The recent resurgence of lymphogranuloma venereum (LGV) in Western Europe has highlighted the need to test high risk patients for rectal chlamydial infection.¹ However, in the United Kingdom the testing of rectal specimens for Chlamydia trachomatis has been problematic for diagnostic laboratories because of the lack of a licensed nucleic acid amplification test (NAAT) platform for extragenital sites, a lack of culture facilities, and the continued and extensive use of enzyme immunoassay (EIA) methods.
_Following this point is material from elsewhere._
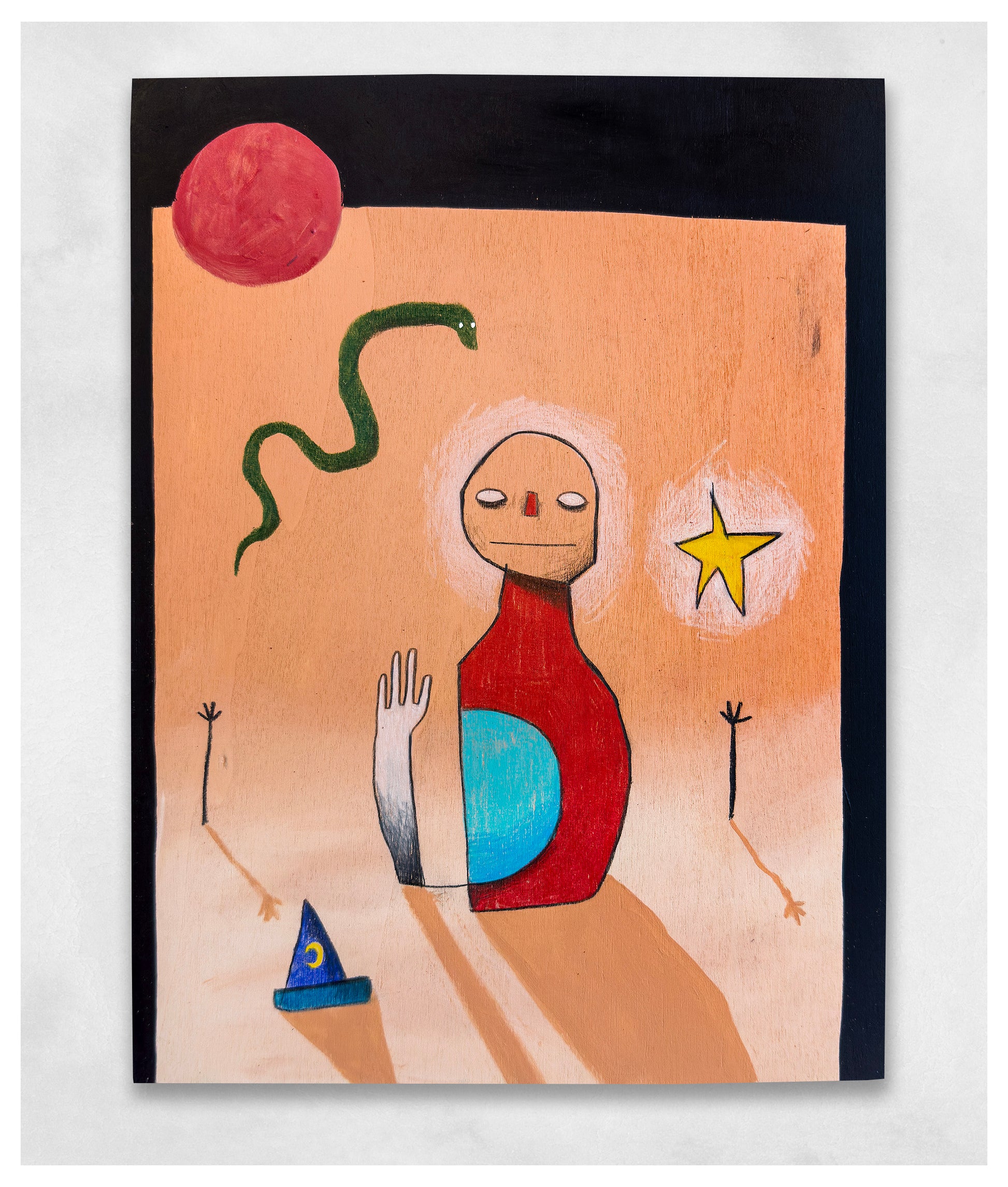 Acrylic, wax pastel, pencil

In October 2004 the Health Protection Agency launched a LGV enhanced surveillance programme, which involved offering genotyping for C trachomatis from patients who were symptomatic. The positive C trachomatis status of all the specimens was confirmed upon receipt using a plasmid based in-house real time polymerase chain reaction (PCR) method which detects all serovars of C trachomatis before genotyping.² In the event a specimen was determined to be C trachomatis negative a further method—the Artus Real-Art PCR Kit—was employed to confirm its negative status. In order to ascertain the reproducibility of laboratory methods for the detection of C trachomatis in rectal sites, we examined the correlation between real time PCR results obtained at the reference laboratory, the Sexually Transmitted Bacteria Reference Laboratory (STBRL), and the methods used to determine the positive C trachomatis status of the specimen at the referring centre.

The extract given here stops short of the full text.